= Iria Grande =

Spanish psychiatrist and reseaecher

Iria Grande (born 3 February 1982) is a Spanish physician who is an associate professor of psychiatry at the University of Barcelona, a psychiatrist at Hospital Clínic, and a researcher at the Institut d’Investigacions Biomèdiques August Pi i Sunyer (IDIBAPS) and Centro de Investigación Biomédica en Red de Salud Mental (CIBERSAM). She specializes in bipolar and depressive disorders and is affiliated with the Barcelona Bipolar and Depression Disorders Unit at Hospital Clínic. Since 2022, she has served as one of the councilors on the executive committee of the European College of Neuropsychopharmacology (ECNP) for the term 2022–2025.

==Education and career==
Grande received her MD and PhD degrees and currently serves as an associate professor at the University of Barcelona. She is actively involved in various research projects as a principal investigator, focusing on suicide prevention, biomarkers (including the microbiota-gut-brain axis), functional outcomes, quality of life, machine-learning applications, and pharmacological treatments for affective disorders.

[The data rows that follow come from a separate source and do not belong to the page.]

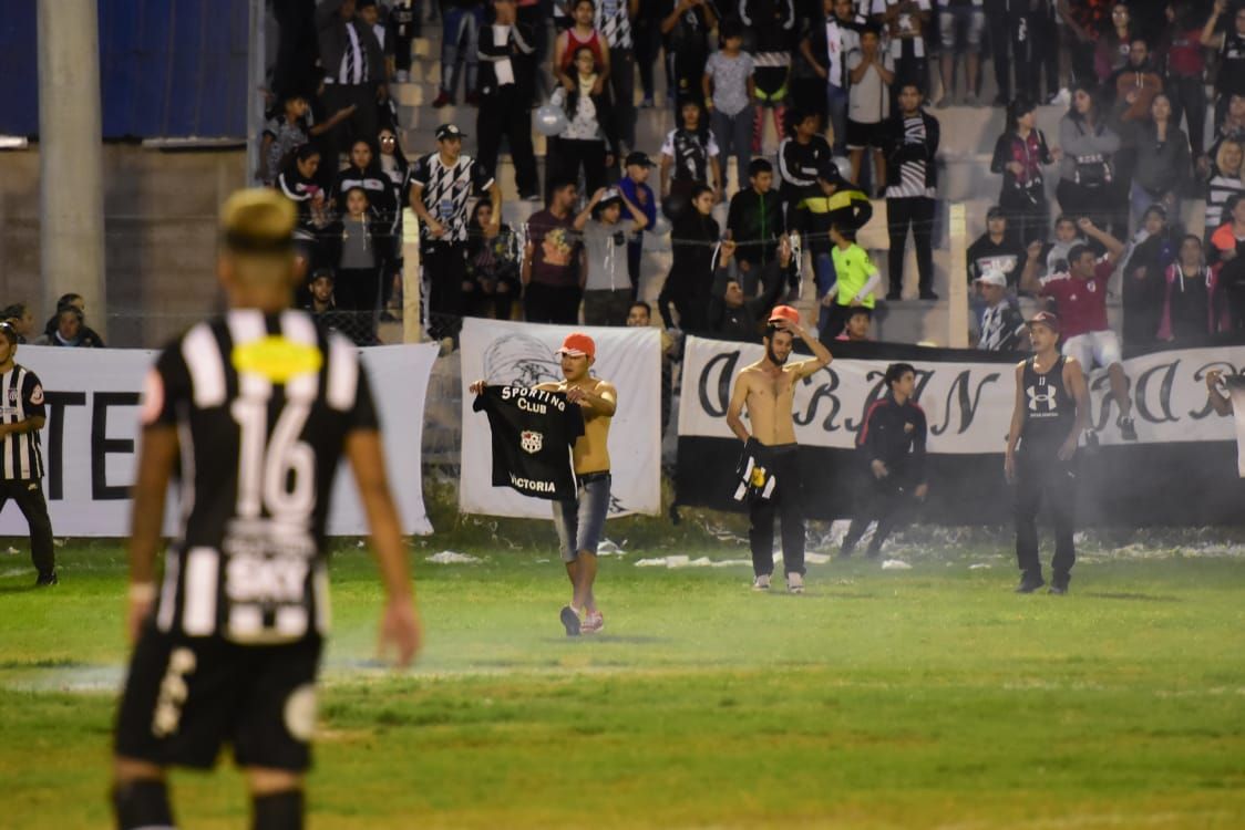 Cuando habían pasado 30 minutos del primer tiempo, el árbitro catamarqueño Héctor Lingua le sacó la roja a un jugador del local y la hinchada consideró que la media era exagerada. Por las agresiones y peleas, el encuentro estuvo detenido por 20 minutos y el primer tiempo se cortó a los 40 minutos.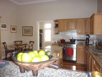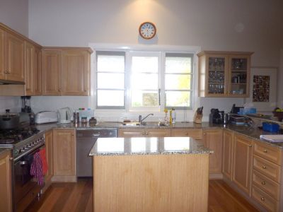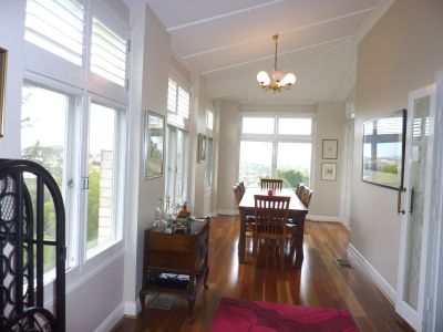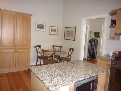 GROUND LEVEL Covered porch to the front entrance featuring original leadlight door with fanlight and side lights, hallway to the formal front parlour retaining the high decorative patterned ceilings, Plantation Shutters and a bay window with seat, fabulous elongated formal dining room with French doors opening to the broad eastern veranda to relax and enjoy the cooling sea breezes and the glorious view. Also on this level there are 3 large bedrooms, main bathroom and family room adjoining the spacious timber and granite kitchen complete with breakfast nook and island preparation bench, a family sized ILVE stainless steel stove (gas cooktop) and Miele dishwasher. The family room also has access to the front veranda.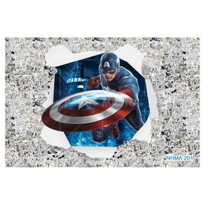 A impressão é feita em vinil adesivo. É um material lavável, impermeável, autocolante e antimofo. O produto cobre uma área de 3,50m, contando com 1,75 metro de altura por 2 metros de largura.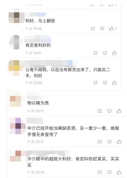 宋丁:这一政策出台后,供应0供应了,再加上住宅本来就限购,还有715新政的影响,公寓还是有市场的。但估计只会卖得比较快,交易价格不会产生太大变动。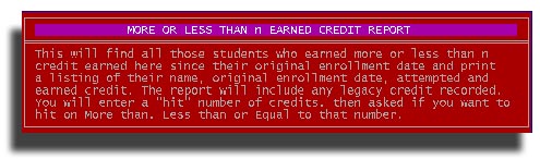 This will begin limiting the report to students who were active in either the enrollment period you specify or the current school year. You will specify the number of Credits to "Hit" on...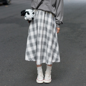 格子半身裙女秋冬新款高腰大摆a字裙垂感收腰中长款休...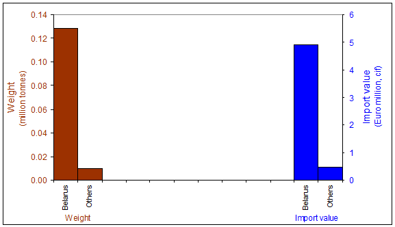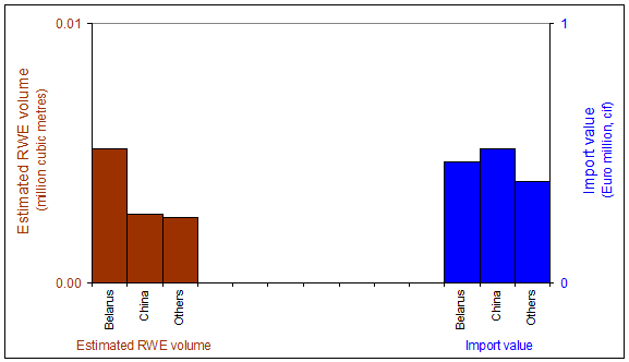 The following charts indicate which of "the selected countries" are likely to supply Lithuania with the greatest quantity of each of the selected products. They implicitly suggest priorities for scrutiny by Competent Authorities and Monitoring Organisations. Information about the trade in wood-based products of a number of those countries is available via the Home Page of this website "The selected countries" comprise all countries other than Australia, Canada, New Zealand, Norway, Switzerland, the USA and all EU member states. Timber sector products are defined in this and related documents as all products classified in the UN Harmonised System under the following headings: 4403 to 4421 inclusive, 940161, 940169, 94019030, 940330, 940340, 940350, 940360, and 94039030. Paper sector products are defined in this and related documents as all products classified in the UN Harmonised System under the following headings: 44012, 44013, 4701 to 4705 inclusive, and 48. The source on which statistics for the imports of EU member states is Eurostat. Estimates of roundwood equivalent ("RWE") volume have been derived from source data as indicated in http://www.globaltimber.org.uk/RWEvolume.htm |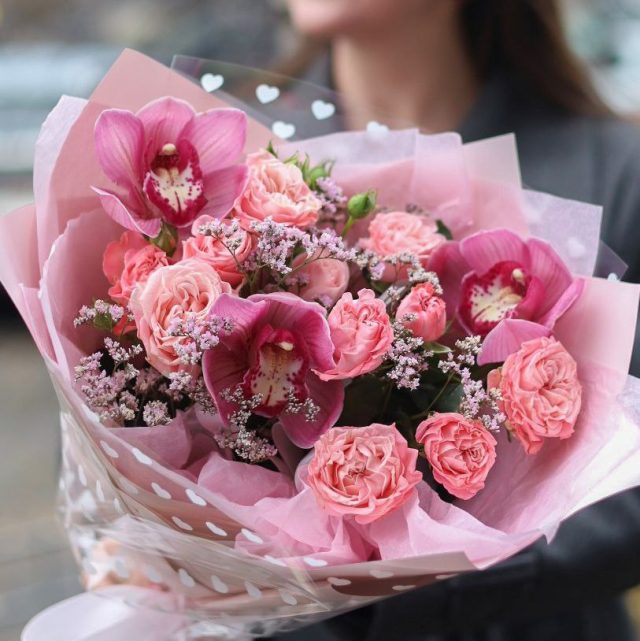 Букет стойкой орхидеи, пионовидной кустовой розы и лимониумом в оформлении.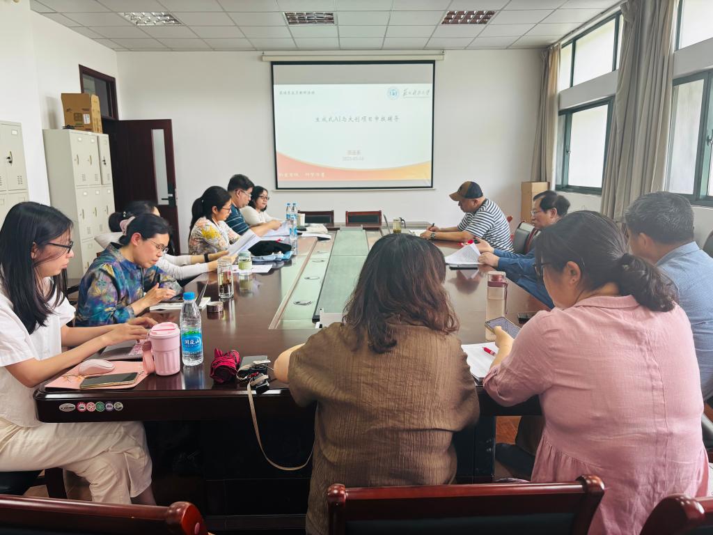 “问渠哪得清如许?为有源头活水来” ,生成式 AI 恰似一股活水,为英语专业各课程教学注入新活力,提供新思路。5月14日下午,英语系全体教师在C2-408举行了“生成式AI与大创项目申报辅导”的五月教研活动,活动由孔沛琳副主任主持。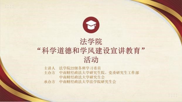 活动伊始,本次活动主持人王蒂娜同学对此次活动的举办目的与意义进行了介绍,并向同学们强调:学术研究的发展离不开学风建设的过程,作为法学院的研究生,我们更应该遵重法律、遵守规章、坚持道德则,端正自身学风,用实际行动维护科学道德和倡导学风建设。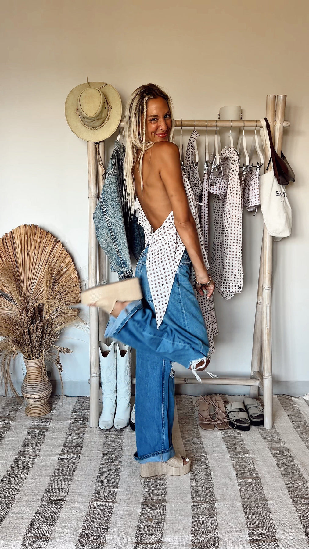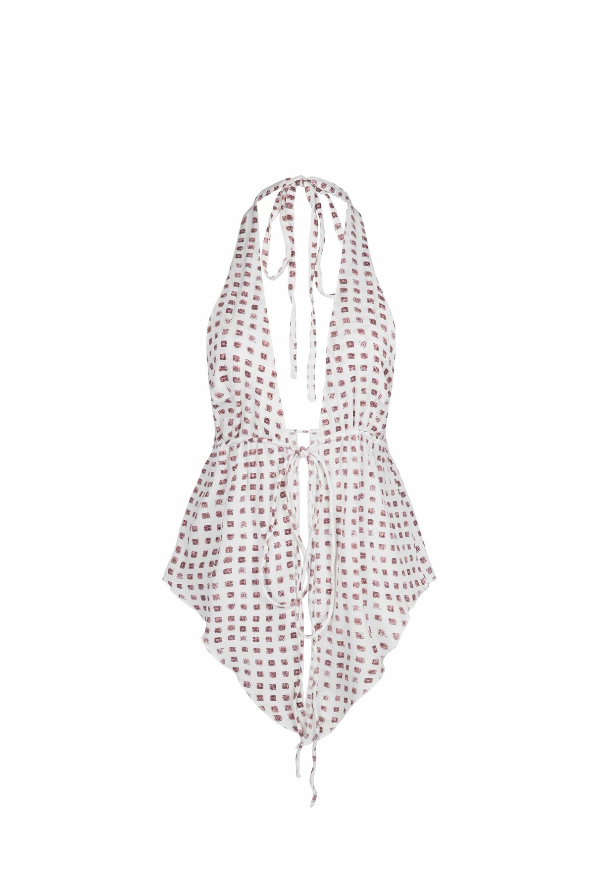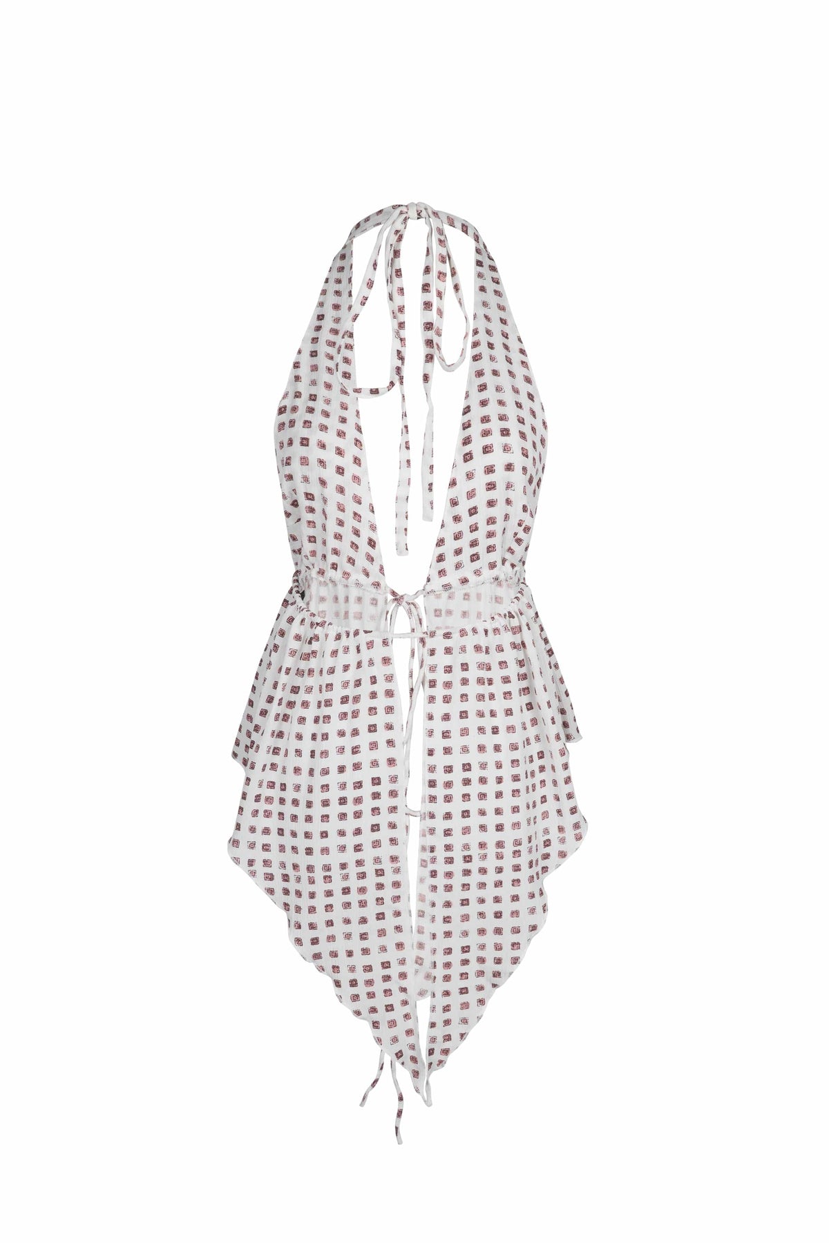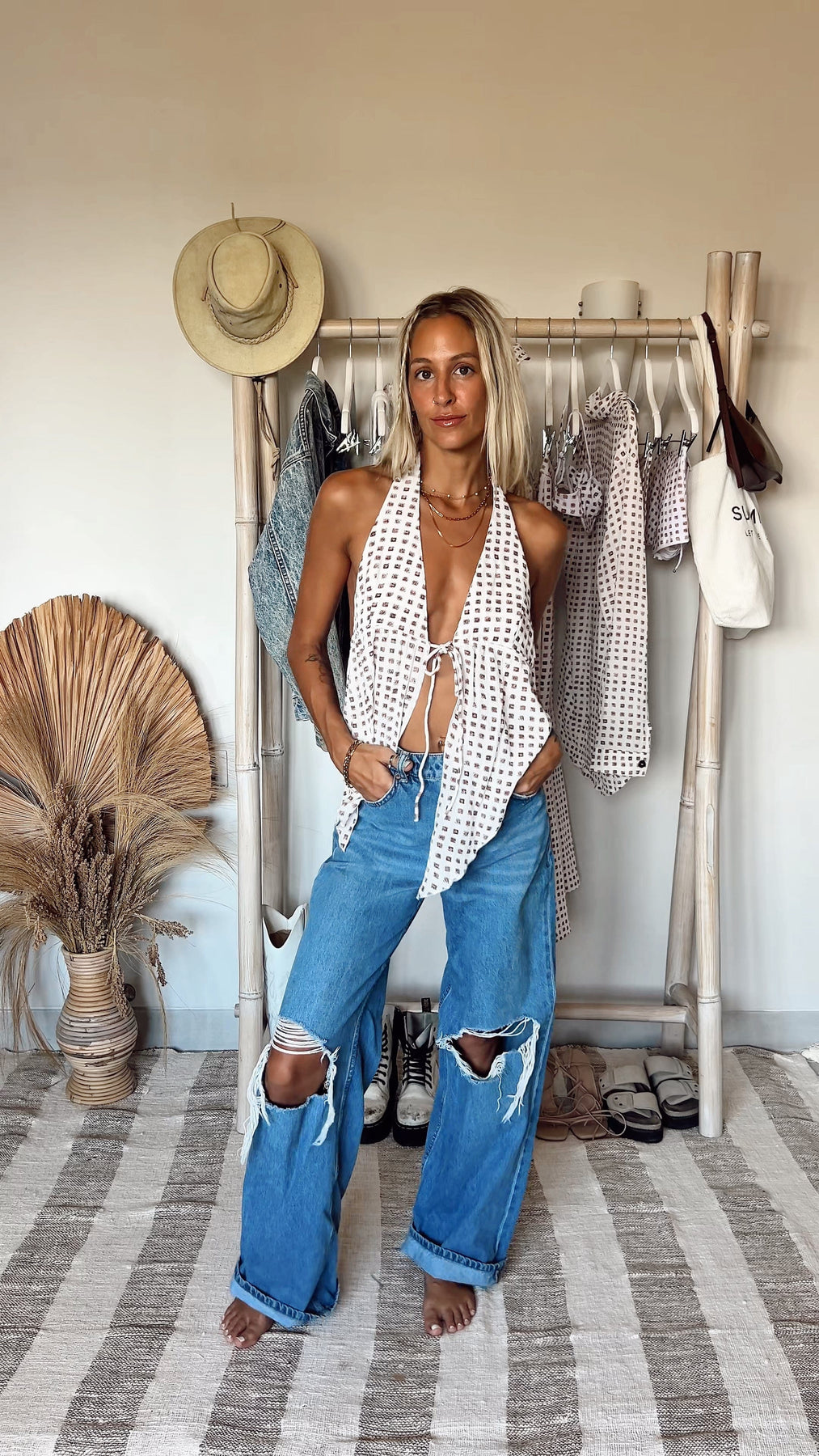 This statement halter is all about soft, floaty movement. Featuring an adjustable tie front and halter neckline, it drapes effortlessly with a delicate pixie-style hemline along the front and back. This is a flattering style and can be worn as a set with the matching shorts and also pairs well with plain bottoms.

==Awards and recognition==
In 2011, Grande received the international Lilly Young Investigator Fellowship in Bipolar Disorder Award from the International Society of Bipolar Disorder (ISBD). She was awarded the Reference Investigator Award by the Spanish Society of Biological Psychiatry in 2019. Since 2019, she has served as the secretary of the Spanish Society of Psychiatry.

==Academic contributions==
DGrande has over 60 articles in international journals, 14 book chapters, and a book on bipolar depression. She serves as a reviewer for journals such as Molecular Psychiatry and has presented extensively at national and international conferences, including as a speaker and moderator. She is also a member (2023–26) of the program committee of the ECNP Workshop on Applied Neuroscience.